* _Try it_
Could you retype the lines below, starting at the line holding "ArcelorMittal Bremen, another" and stopping at the line holding "田島窯 江戸硝子 富士山", inclusive? Copy them exactly and drop the images.

* _Data for review_
[Start of section]

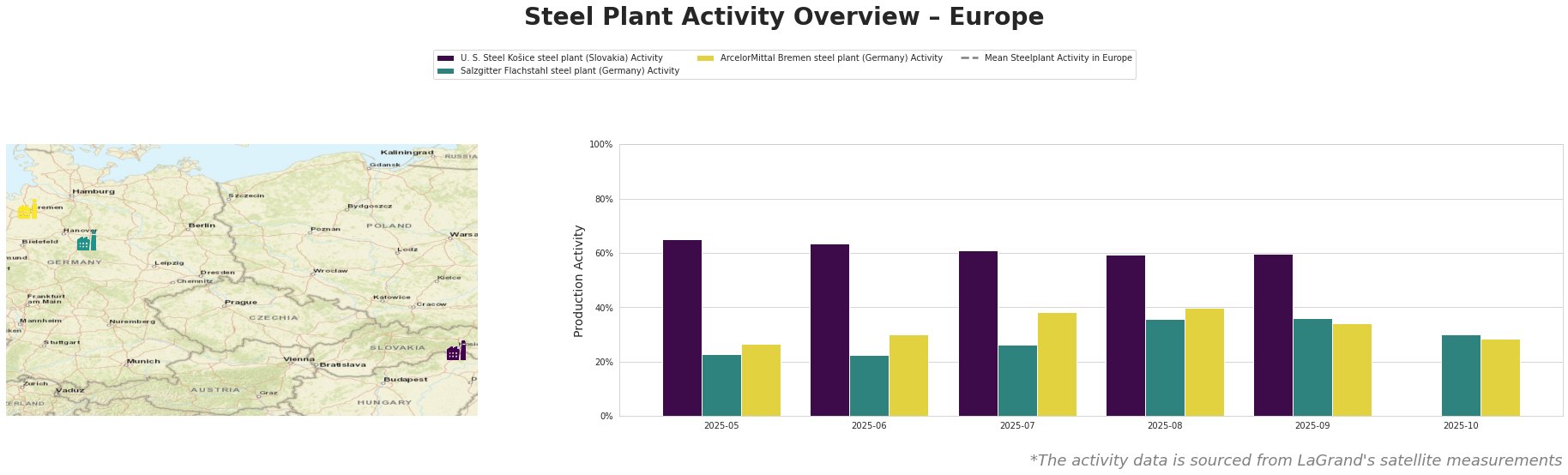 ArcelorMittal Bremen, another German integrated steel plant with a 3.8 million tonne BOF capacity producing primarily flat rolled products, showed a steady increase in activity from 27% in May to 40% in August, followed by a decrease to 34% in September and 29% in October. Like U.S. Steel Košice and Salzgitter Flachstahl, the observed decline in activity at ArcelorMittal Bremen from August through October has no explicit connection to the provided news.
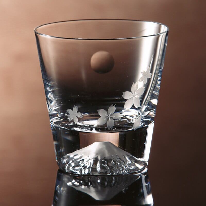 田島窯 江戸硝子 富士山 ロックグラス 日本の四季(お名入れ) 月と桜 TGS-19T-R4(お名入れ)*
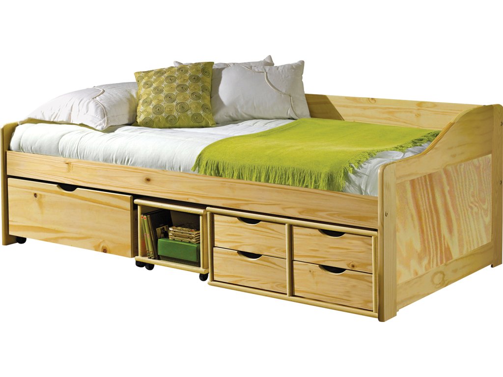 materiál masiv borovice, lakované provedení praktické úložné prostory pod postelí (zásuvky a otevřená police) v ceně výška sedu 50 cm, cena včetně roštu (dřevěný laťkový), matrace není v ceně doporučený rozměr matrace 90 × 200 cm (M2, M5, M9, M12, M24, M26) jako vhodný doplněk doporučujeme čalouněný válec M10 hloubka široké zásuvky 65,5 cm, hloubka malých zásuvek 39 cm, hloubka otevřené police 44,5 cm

[End of section]
[Start of section]

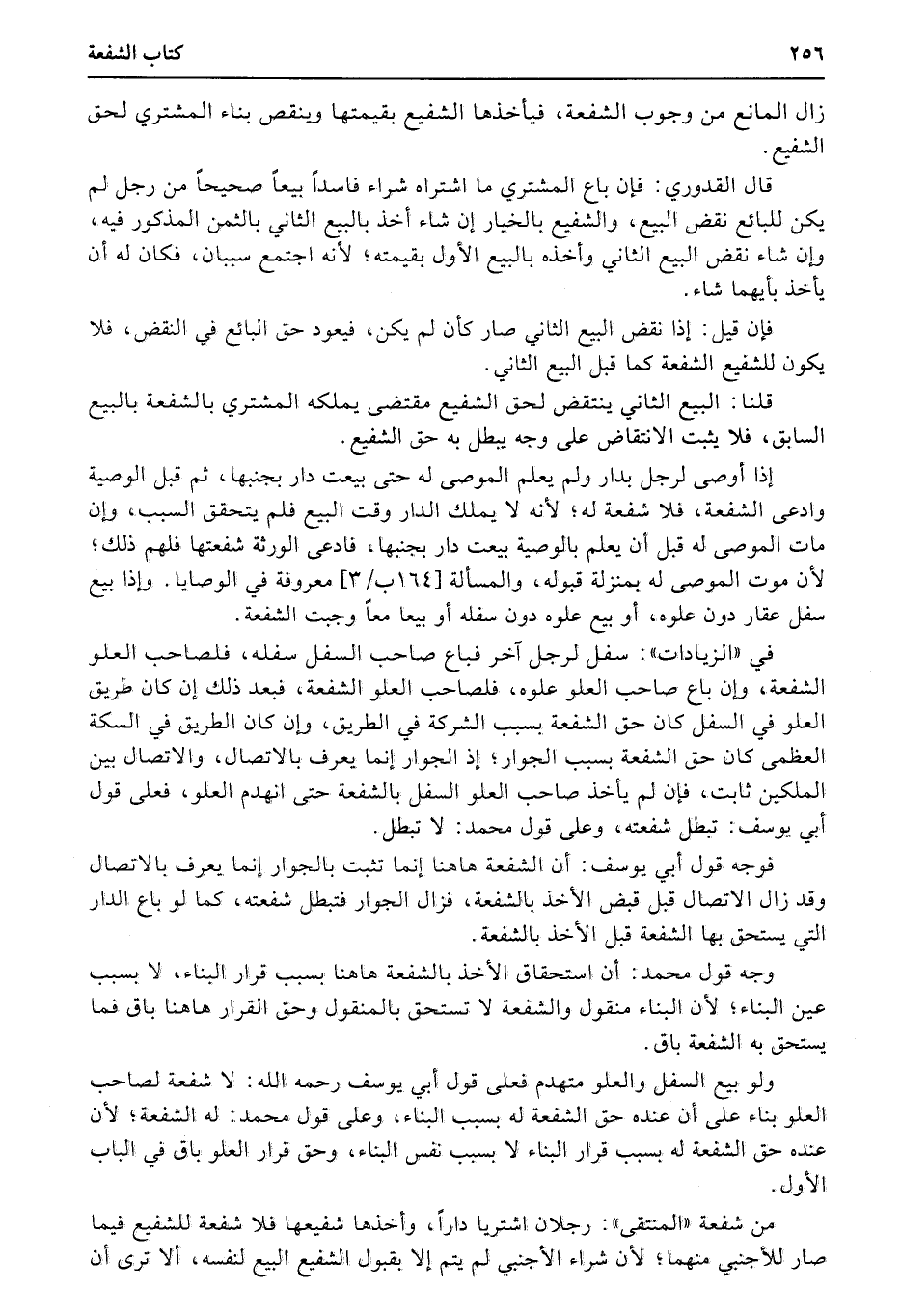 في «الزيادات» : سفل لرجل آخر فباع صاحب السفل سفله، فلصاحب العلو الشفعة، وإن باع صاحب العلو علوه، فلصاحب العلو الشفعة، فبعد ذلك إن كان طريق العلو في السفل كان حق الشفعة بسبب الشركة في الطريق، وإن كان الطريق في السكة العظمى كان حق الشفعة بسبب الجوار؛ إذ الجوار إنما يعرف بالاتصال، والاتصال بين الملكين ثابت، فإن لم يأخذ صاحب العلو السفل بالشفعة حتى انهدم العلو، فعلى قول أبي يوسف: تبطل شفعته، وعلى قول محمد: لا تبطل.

[End of section]
[Start of section]

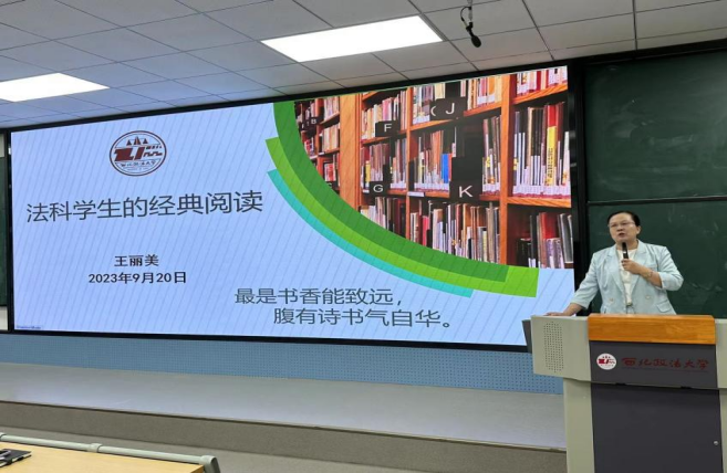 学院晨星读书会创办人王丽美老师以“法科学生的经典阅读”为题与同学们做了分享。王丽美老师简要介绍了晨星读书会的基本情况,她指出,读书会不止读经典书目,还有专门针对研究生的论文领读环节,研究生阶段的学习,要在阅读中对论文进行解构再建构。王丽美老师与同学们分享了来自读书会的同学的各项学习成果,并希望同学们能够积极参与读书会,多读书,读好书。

[End of section]

* _Task solution_
 ArcelorMittal Bremen, another German integrated steel plant with a 3.8 million tonne BOF capacity producing primarily flat rolled products, showed a steady increase in activity from 27% in May to 40% in August, followed by a decrease to 34% in September and 29% in October. Like U.S. Steel Košice and Salzgitter Flachstahl, the observed decline in activity at ArcelorMittal Bremen from August through October has no explicit connection to the provided news.
 田島窯 江戸硝子 富士山 ロックグラス 日本の四季(お名入れ) 月と桜 TGS-19T-R4(お名入れ)*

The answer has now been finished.